Roelof,

The core concept (as I see it) is that each node in your simulated network
will receive packets as the simulation progresses, and the nodes must do
something with each packet they receive.

In OOP, it often helps to think about the objects in terms of "their
responsibilities".  And by that we mean: "when such-and-such event occurs,
or whenever one-or-another situation is active, this object has the
responsibility of doing this-or-that".

So what about the node objects?  The responsibility of a node object is to
react appropriately to the event of receiving a packet.
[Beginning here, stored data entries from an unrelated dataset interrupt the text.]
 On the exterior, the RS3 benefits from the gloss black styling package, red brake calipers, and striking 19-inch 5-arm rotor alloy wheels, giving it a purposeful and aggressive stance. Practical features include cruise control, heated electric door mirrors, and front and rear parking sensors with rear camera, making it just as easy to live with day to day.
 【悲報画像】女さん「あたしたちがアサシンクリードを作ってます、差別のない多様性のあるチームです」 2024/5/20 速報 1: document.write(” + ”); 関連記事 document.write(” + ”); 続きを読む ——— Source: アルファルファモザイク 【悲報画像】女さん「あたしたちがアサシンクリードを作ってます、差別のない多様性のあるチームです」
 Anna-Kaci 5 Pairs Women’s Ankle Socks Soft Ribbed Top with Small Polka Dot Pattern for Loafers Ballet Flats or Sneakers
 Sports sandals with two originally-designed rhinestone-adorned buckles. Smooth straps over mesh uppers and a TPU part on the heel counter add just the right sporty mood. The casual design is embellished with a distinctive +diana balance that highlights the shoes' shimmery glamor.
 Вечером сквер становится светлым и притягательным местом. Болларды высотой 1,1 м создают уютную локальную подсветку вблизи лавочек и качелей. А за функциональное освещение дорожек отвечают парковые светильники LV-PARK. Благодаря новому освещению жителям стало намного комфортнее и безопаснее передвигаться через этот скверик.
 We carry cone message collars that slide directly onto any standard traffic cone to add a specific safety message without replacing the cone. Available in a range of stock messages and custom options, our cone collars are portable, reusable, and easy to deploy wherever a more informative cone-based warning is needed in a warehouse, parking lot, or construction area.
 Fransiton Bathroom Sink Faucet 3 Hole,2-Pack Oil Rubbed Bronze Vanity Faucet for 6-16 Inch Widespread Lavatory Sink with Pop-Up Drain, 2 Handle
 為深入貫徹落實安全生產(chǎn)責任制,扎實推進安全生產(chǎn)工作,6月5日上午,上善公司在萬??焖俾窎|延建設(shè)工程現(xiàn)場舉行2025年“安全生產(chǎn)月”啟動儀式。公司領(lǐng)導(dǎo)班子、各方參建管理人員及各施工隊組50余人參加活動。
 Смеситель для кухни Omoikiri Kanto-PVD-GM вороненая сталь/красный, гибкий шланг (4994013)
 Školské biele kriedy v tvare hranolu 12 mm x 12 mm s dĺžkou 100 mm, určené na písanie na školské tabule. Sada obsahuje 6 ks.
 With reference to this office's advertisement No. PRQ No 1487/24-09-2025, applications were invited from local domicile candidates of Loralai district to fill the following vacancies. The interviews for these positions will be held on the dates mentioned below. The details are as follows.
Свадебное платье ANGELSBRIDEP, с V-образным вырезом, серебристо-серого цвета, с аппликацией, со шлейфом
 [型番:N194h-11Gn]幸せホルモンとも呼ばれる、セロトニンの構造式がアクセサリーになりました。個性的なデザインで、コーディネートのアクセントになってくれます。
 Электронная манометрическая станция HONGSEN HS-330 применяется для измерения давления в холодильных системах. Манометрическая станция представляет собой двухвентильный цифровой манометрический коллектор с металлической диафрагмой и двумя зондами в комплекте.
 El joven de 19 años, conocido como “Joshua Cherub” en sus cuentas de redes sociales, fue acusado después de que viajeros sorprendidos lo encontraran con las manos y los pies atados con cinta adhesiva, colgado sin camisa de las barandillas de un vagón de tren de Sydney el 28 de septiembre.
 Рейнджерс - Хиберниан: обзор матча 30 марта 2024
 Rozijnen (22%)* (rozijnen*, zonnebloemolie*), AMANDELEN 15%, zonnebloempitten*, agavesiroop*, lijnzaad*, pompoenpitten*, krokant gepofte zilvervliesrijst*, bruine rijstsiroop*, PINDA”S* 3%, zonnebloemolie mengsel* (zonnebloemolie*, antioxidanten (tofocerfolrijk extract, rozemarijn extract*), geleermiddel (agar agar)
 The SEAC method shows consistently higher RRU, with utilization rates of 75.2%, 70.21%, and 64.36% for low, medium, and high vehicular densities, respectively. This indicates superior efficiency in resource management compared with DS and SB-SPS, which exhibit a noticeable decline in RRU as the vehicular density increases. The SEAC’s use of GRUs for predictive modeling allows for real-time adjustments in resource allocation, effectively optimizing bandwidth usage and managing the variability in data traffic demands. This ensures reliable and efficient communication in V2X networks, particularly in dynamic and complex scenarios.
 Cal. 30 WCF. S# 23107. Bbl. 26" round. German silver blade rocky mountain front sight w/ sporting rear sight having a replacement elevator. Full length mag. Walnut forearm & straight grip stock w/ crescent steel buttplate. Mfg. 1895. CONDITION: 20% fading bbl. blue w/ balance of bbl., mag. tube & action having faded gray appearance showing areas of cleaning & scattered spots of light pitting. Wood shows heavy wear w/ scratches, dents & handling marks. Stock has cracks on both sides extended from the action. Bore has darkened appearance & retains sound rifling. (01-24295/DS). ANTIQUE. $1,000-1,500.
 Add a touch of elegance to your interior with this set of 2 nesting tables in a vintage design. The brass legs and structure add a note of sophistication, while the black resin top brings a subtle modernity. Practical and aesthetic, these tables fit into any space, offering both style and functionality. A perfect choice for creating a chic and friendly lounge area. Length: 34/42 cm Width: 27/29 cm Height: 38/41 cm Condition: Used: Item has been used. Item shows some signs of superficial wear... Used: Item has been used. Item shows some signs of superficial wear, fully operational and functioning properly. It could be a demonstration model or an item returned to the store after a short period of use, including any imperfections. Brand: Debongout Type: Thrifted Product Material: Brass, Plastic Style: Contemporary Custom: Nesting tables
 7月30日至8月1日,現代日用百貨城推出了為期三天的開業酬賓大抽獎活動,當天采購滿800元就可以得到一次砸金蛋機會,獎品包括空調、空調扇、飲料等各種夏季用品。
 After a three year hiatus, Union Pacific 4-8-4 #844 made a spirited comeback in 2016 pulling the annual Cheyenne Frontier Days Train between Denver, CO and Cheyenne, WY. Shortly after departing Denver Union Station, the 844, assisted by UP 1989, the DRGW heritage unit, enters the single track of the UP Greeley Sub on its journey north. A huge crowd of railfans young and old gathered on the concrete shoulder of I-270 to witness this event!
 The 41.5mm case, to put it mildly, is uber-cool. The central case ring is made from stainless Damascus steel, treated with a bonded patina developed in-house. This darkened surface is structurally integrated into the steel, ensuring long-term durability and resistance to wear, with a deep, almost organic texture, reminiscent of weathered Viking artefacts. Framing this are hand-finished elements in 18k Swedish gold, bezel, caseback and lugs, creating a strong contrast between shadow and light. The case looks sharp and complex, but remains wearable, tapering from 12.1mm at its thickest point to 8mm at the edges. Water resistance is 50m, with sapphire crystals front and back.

There are at least 3 behaviors that each node must employ to meet its
responsibilities.  Those three are: 1) Forward the packet to one or more
other nodes in the network that it's connected to, 2) Accept the packet (if
addressed to itself) and "process it", and 3) Drop the packet (because it's
been received previously, which means it's already either been forwarded or
accepted and processed, so this is a duplicate packet and should no longer
be handled).

In addition, each node must make the decision which behavior to follow when
it receives a packet.  It will do this based on information in the packet
(its destination address) and the node's own address (so that it can
recognize packets that are addressed to itself), and the address of the node
that sent the packet (perhaps; for efficiency, you don't want to forward a
packet back to the node that just sent it to you -- it already handled the
packet and decided it should forward it).

For behavior #1, there is more than one way to decide "how" to forward a
packet.  The "Flood" algorithm is one of many, and is the simplest one.  But
there are others.  Each of these possible forwarding schemes is "a
behavior".  Blocks in Pharo are behaviors.

So I think the "block" that confuses you is "a packet forwarding behavior". 
When your node decides that the proper way to handle a packet it has
received is to forward it (option #1), it must supply two things: The packet
to be forwarded, and the forwarding behavior, which will be a block.

In this way, your code is more flexible: By changing the block that you
provide to the forwarding method, you can change the algorithm that the node
uses to decide which link(s) to forward the packet on.

And once you have your application finished, and you have more than one
forwarding scheme defined, you will be able to run you application, once for
each different forwarding scheme, and see how the packets flow through the
network -- which will show you (visually) which forwarding schemes are
efficient (i.e., minimizing the number of node-to-node transfers) and which
are inefficient (i.e., resulting in many node-to-node transfers, most of
which are unproductive).

You will find that (in general) the easiest forwarding schemes to write code
for are also the least efficient schemes.